South Sudan’s President Salva Kiir has dissolved parliament, opening the way for lawmakers from opposing sides of the country’s civil war to be appointed under a 2018 peace accord.
The president dissolved parliament on Saturday and the new body will be formed in “a matter of time, not too long”, his spokesman Ateny Wek Ateny told Reuters.
The setting up of a new legislative body was part of an accord signed in September 2018 between Kiir and Vice President Riek Machar, for years on opposing sides during the five-year civil war that led to 380,000 people’s death and displaced four million.
According to the deal that ended the civil war, parliament must be expanded from 400 members to 550 and must include members from all parties to the peace accord.
Activists and civil society groups welcomed the dissolution of parliament, saying it was long overdue but also expressing distrust.
“It is a welcome development and we hope that the dissolution [will] also open the way to a lengthy process towards reconstituting the parliament,” said Jame David Kolok, chairman of the South Sudan Civil Society Forum.

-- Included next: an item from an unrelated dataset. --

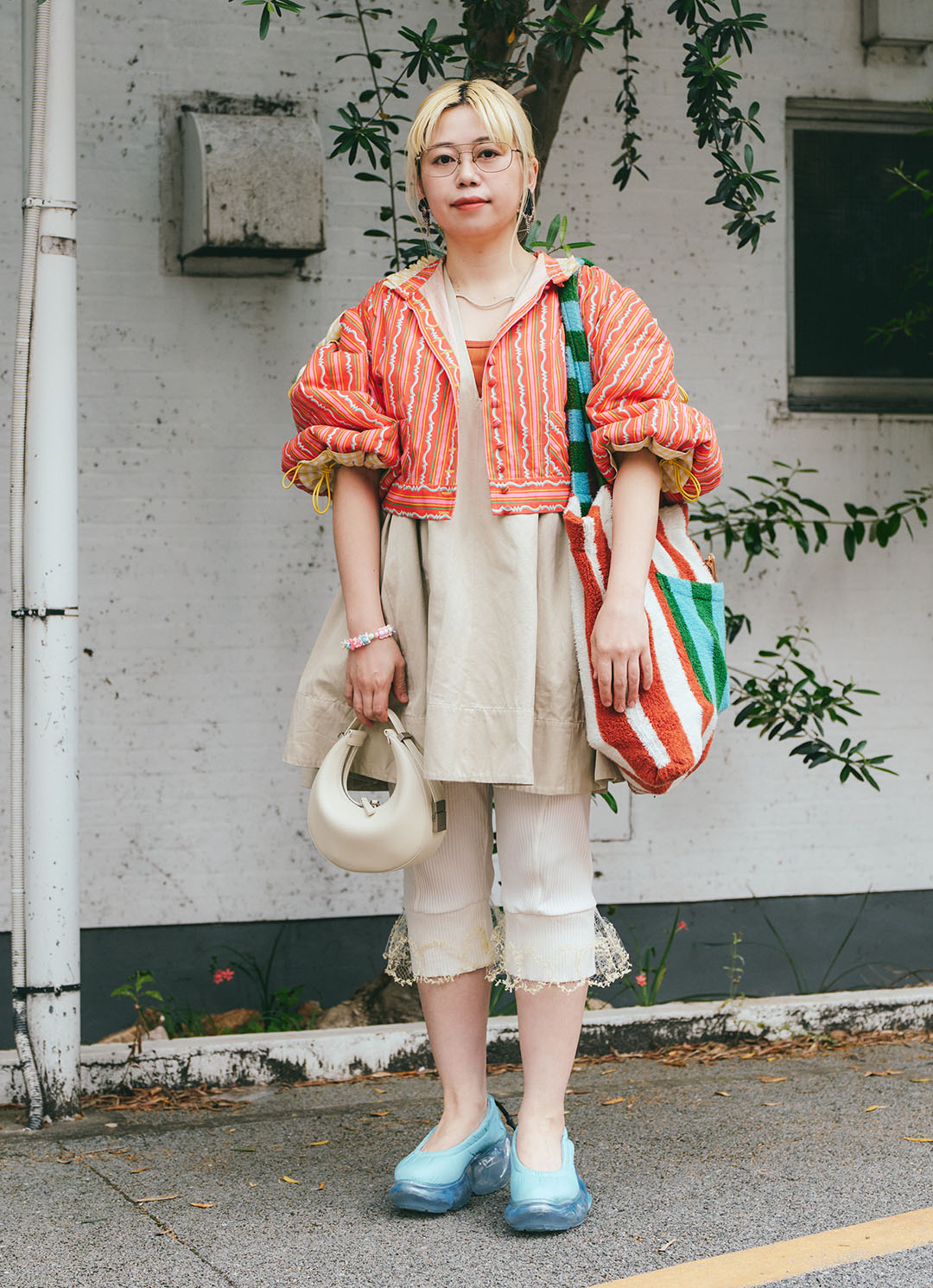 アウター/モト ゴー、インナー/ジョージズ、ワンピース/セリーヌ、ボトムス/デコ、メガネ/ウー、ヘアアクセサリー、イヤリング/ともにアンエディ、トートバッグ/モットハウストーキョー、ハンドバッグ/OSOI、バングル/ハンドメイド

“The civil society is getting frustrated and no longer believes that even if the parliament is reconstituted it will be a very viable parliament.”
South Sudan won independence from Sudan in 2011 after decades of civil war. Violence erupted in late 2013 after Kiir, from the Dinka ethnic group, sacked vice president Riek Machar, a Nuer.
The two men have signed many deals to end a war estimated to have killed more than 400,000 people. They repeatedly pushed back deadlines to form a government of national unity, but in 2020 finally did so.
Despite the peace deal, violence is still raging in parts of the country, according to United Nations reports.